Pourquoi est-on inégaux face au trouble de stress post-traumatique?

Menée par des scientifiques de l’EPFL, une étude consacrée à la réponse hormonale de l’organisme face au stress démontre pourquoi uniquement certaines personnes exposées à un traumatisme développent un trouble de stress post-traumatique (TSPT).
© EPFL/iStock

Le stress post-traumatique (TSPT) est une maladie invalidante qui survient après un événement traumatisant. Si de nombreuses personnes subissent un traumatisme, seules 25 à 35% d’entre elles développent un TSPT. Il est essentiel de comprendre les facteurs qui rendent certaines personnes plus vulnérables, tant pour la prévention que pour le traitement.

Une récente étude dirigée par Carmen Sandi et Simone Astori de l’EPFL révèle que le développement d’un TSPT est influencé par les glucocorticoïdes, des hormones, comme le cortisol, que notre organisme libère en réponse au stress. Leurs travaux permettent de mieux comprendre les traits comportementaux et biologiques associés à la vulnérabilité au TSPT.

«Il existe des différences considérables dans les taux de glucocorticoïdes que les individus libèrent dans la circulation sanguine lorsqu’ils sont stressés, déclare Carmen Sandi. De faibles taux de glucocorticoïdes sont fréquemment observés chez les patientes et patients souffrant d’un TSPT après un traumatisme, et ont été initialement suspectés d’être une conséquence de l’exposition à un traumatisme.»

Elle poursuit: «La possibilité qu’il s’agisse d’un trait constituant un facteur de risque préexistant du TSPT est une question restée sans réponse depuis de nombreuses années. Mais son étude est complexe à aborder en raison de la difficulté de recueillir des mesures biologiques avant un traumatisme et d’avoir accès à des modèles animaux pertinents dans lesquels le rôle causal de ces traits peut être étudié.»

«Notre étude fournit des preuves de l’implication directe d’une faible réactivité aux glucocorticoïdes dans le développement de la symptomatologie du TSPT après un traumatisme, à savoir une altération de l’extinction de la peur.»      Carmen Sandi, principale autrice de l'étude

Pour comprendre comment une faible réponse hormonale au stress pourrait être liée aux symptômes du TSPT, les chercheuses et chercheurs ont utilisé un modèle de rat génétiquement sélectionné qui est comparable aux personnes dont la réponse au cortisol est faible. Pour ce faire, l’équipe a eu recours à l’IRM afin de mesurer le volume de différentes aires cérébrales, a entraîné des rats à associer un indice à la peur, a enregistré leurs habitudes de sommeil et a mesuré leur activité cérébrale.

En combinant ces méthodes, les chercheuses et chercheurs ont découvert qu’une faible réactivité aux glucocorticoïdes entraînait une «réponse corrélée à plusieurs traits» comprenant une altération de l’extinction de la peur (chez les mâles), une réduction du volume de l’hippocampe et des troubles du sommeil paradoxal.

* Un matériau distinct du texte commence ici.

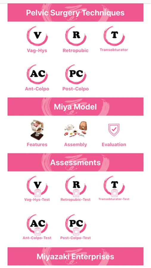 The Miya App is a support tool for the 3D Miya Model, the premier pelvic surgery training model. You will find videos explaining how to use the model with the technical steps needed to perform vaginal hysterectomy, retropubic slings, transobturator slings and anterior colporrhaphy. The Miya App contains Assessment questionnaires for Vaginal Hysterectomy , Midurethral Transobturator and Retropubic Slings and Anterior Colporrhaphy, all of them adapted from ACOG Simulations Consortium. It also contains an evaluation of the 3D Miya Model to help us to improve the quality of the pelvic surgery training.

Pour expliquer ces termes: l’extinction de la peur est un processus par lequel une réaction de peur conditionnée diminue avec le temps. Les problèmes d’extinction de la peur sont une caractéristique du TSPT. Le sommeil paradoxal est essentiel à la consolidation de la mémoire, et les troubles de ce type de sommeil sont depuis longtemps associés au TSPT.

Mais l’étude est allée plus loin: les chercheuses et chercheurs ont traité les rats avec l’équivalent d’une thérapie cognitive et comportementale humaine pour réduire leurs peurs acquises. Ensuite, ils ont administré de la corticostérone aux rats. En conséquence, la peur excessive et les troubles du sommeil paradoxal ont diminué. De plus, les taux élevés de norépinéphrine, un neurotransmetteur lié au stress, dans le cerveau sont également revenus à la normale.

«Notre étude fournit des preuves de l’implication directe d’une faible réactivité aux glucocorticoïdes dans le développement de la symptomatologie du TSPT après un traumatisme, à savoir une altération de l’extinction de la peur, affirme Carmen Sandi. Elle montre également qu’un faible taux de glucocorticoïdes est impliqué dans la détermination d’autres facteurs de risque et de symptômes qui, jusqu’à présent, n’étaient liés au TSPT que de manière indépendante.»

Silvia Monari, principale autrice de l’étude, ajoute: «En un mot, nous présentons des preuves mécaniques, qui n’existaient pas auparavant, selon lesquelles un faible taux de glucocorticoïdes tels que le cortisol chez l’être humain est une condition qui prédispose les individus à présenter tous les facteurs de vulnérabilité au TSPT, et qui est impliquée dans les déficits d’extinction des souvenirs traumatisants.»